◆ Data provided:

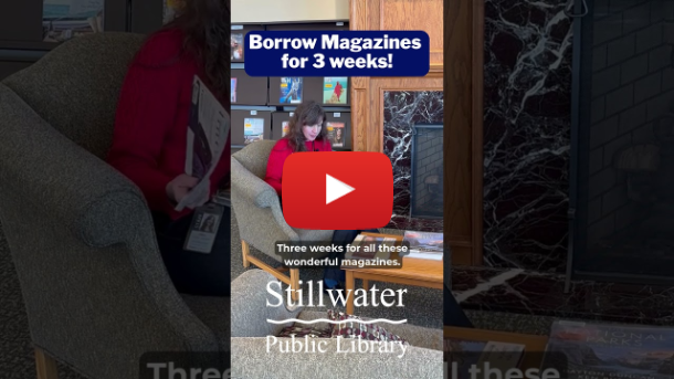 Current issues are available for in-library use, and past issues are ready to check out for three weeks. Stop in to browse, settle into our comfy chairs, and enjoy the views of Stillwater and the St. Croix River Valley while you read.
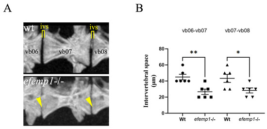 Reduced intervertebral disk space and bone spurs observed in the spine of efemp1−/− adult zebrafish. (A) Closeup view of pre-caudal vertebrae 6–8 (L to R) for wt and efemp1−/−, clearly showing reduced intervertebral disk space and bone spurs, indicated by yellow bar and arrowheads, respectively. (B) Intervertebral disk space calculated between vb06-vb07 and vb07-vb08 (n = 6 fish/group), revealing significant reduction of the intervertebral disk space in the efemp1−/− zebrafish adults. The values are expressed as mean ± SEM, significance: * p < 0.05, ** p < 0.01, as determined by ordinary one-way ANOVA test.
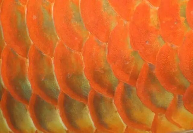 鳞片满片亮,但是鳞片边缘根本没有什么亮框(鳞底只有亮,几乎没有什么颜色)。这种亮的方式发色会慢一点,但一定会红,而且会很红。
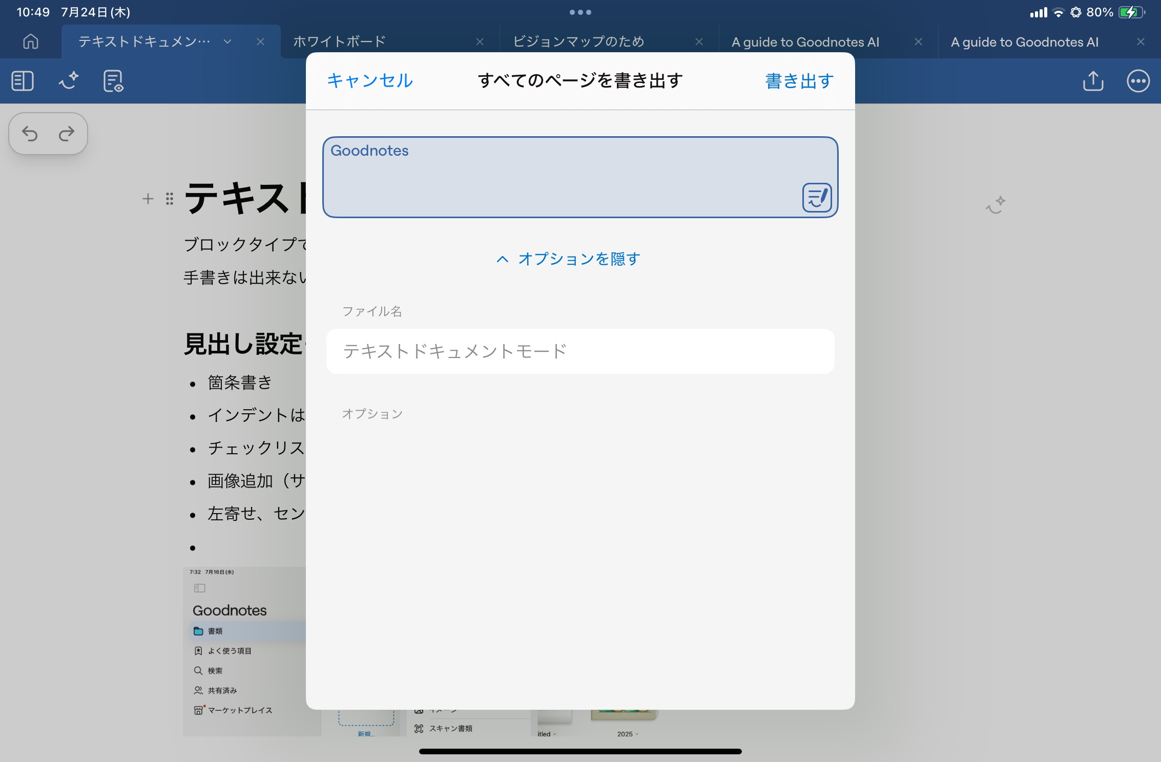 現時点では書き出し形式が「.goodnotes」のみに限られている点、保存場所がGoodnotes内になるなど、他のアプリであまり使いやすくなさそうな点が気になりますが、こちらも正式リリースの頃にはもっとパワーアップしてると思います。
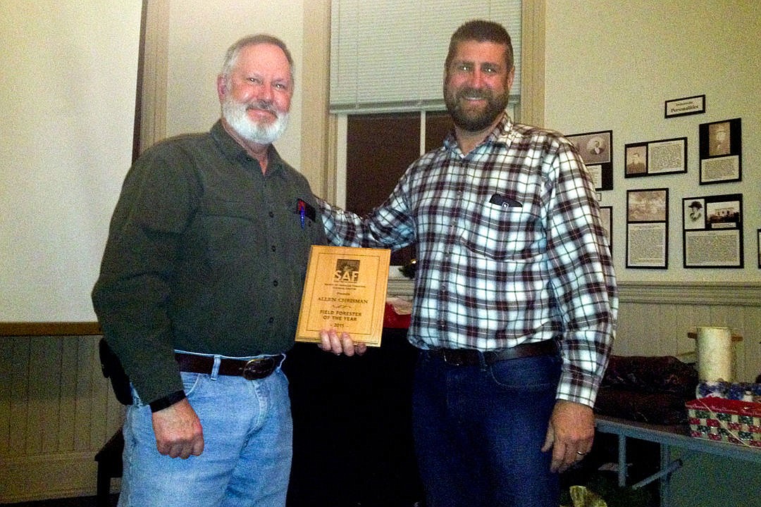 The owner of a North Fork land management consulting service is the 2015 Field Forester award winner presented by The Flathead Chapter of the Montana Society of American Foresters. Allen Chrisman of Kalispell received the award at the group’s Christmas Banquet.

◆ Prompt:
In the answer, give only the lines from the one containing "Reduced intervertebral disk space and bone spurs observed" through the end of the records above, each reproduced exactly. Include no pictures.

◆ Written response:
 Reduced intervertebral disk space and bone spurs observed in the spine of efemp1−/− adult zebrafish. (A) Closeup view of pre-caudal vertebrae 6–8 (L to R) for wt and efemp1−/−, clearly showing reduced intervertebral disk space and bone spurs, indicated by yellow bar and arrowheads, respectively. (B) Intervertebral disk space calculated between vb06-vb07 and vb07-vb08 (n = 6 fish/group), revealing significant reduction of the intervertebral disk space in the efemp1−/− zebrafish adults. The values are expressed as mean ± SEM, significance: * p < 0.05, ** p < 0.01, as determined by ordinary one-way ANOVA test.
 鳞片满片亮,但是鳞片边缘根本没有什么亮框(鳞底只有亮,几乎没有什么颜色)。这种亮的方式发色会慢一点,但一定会红,而且会很红。
 現時点では書き出し形式が「.goodnotes」のみに限られている点、保存場所がGoodnotes内になるなど、他のアプリであまり使いやすくなさそうな点が気になりますが、こちらも正式リリースの頃にはもっとパワーアップしてると思います。
 The owner of a North Fork land management consulting service is the 2015 Field Forester award winner presented by The Flathead Chapter of the Montana Society of American Foresters. Allen Chrisman of Kalispell received the award at the group’s Christmas Banquet.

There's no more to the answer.